The churches of the New Testament were, by their very nature, communities of eschatological transformation and had to be formed, trained, taught, discipled, to that end. Only communities built out of non-flammable materials would survive the coming day of fire. I suggest that this is equally true for churches today.

To do discipleship well we need to ask, first, what our current background narrative is. The over-arching vocation to be a new creation people remains in force, naturally, and we are always under obligation, no less than Old Testament Israel was, to learn the ways of God, how to live well—wisely, justly, compassionately. Churches need to be trained in righteousness—actively trained, not passively trained.

But the creational narrative, in the West at least, is clearly overlaid with a narrative of marginalization and long term decline—that is, an eschatological narrative. This will mean different things in different contexts, but my view is that communities—not just individuals—need to be discipled with this state of affairs firmly in mind.

On the one hand, therefore, the prophetic “testimony” and “law” needs to be heard, embodied in communities of “disciples”. On the other, leaders and teachers need to consider how to build communities—what sort of foundations? what sort of materials? what sort of vision? what sort of mindset? what sort of practices?—that will survive the coming crisis of irrelevance.

How do we do that? I hope to find out in Scotland.

Daniel | Tue, 10/09/2012 - 19:31 | Permalink

Good post.



The NT itself brings together Isaiah’s situation and the situation of the first-century disciples in Hebrews 2:13, which quotes Isaiah 8:17 in reference to Jesus.

@Daniel:

Well noted. The writer to the Hebrews, however, appears to have assumed that the “children” of Isaiah 8:18 are the “disciples” of Isaiah 8:16, whereas Isaiah appears to be speaking of his two sons.

@Andrew Perriman:

It doesn’t seem clear to me that Hebrews is assuming that. It doesn’t even quote the bit about “disciples.”

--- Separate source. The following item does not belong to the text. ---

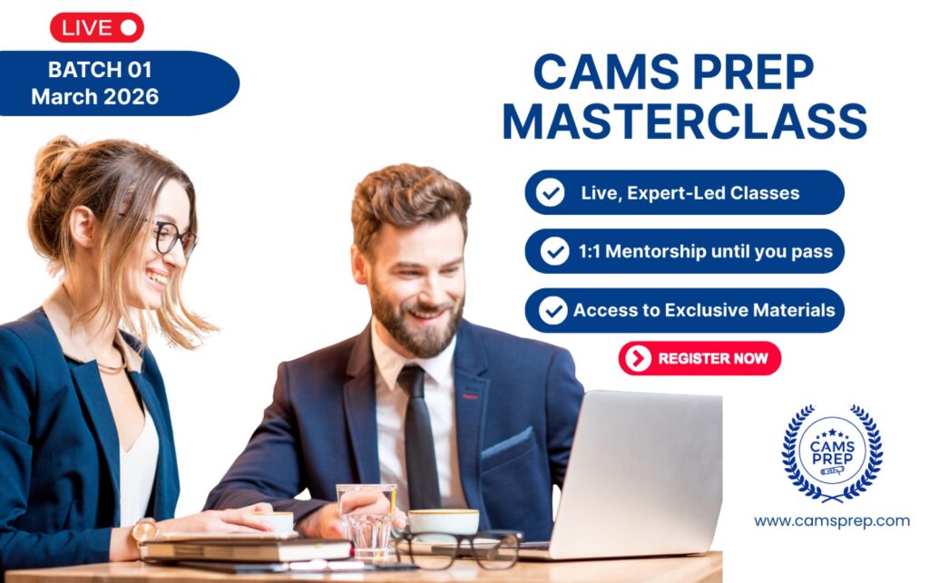 CAMS Prep Masterclass, in just 5 weeks and 20 hours live classes, takes you from foundational concepts to full exam readiness.

Perhaps in Isaiah’s case, his disciples were one thing while his two sons (and he himself) were specifically “signs and portents in Israel,” and the two are differentiated in Isaiah 8. But in the case of Jesus, his disciples are his “children” (cf. Isaiah 53:10) and also signs to Israel. The two roles are combined in the same group of people.

peter wilkinson | Wed, 10/10/2012 - 09:50 | Permalink

On a slightly tangential but not disconnected note: if I were invited to the party, I’d set up an alternative stall along the lines of this post from the dim and distant past. But that might be regarded as inflammatory.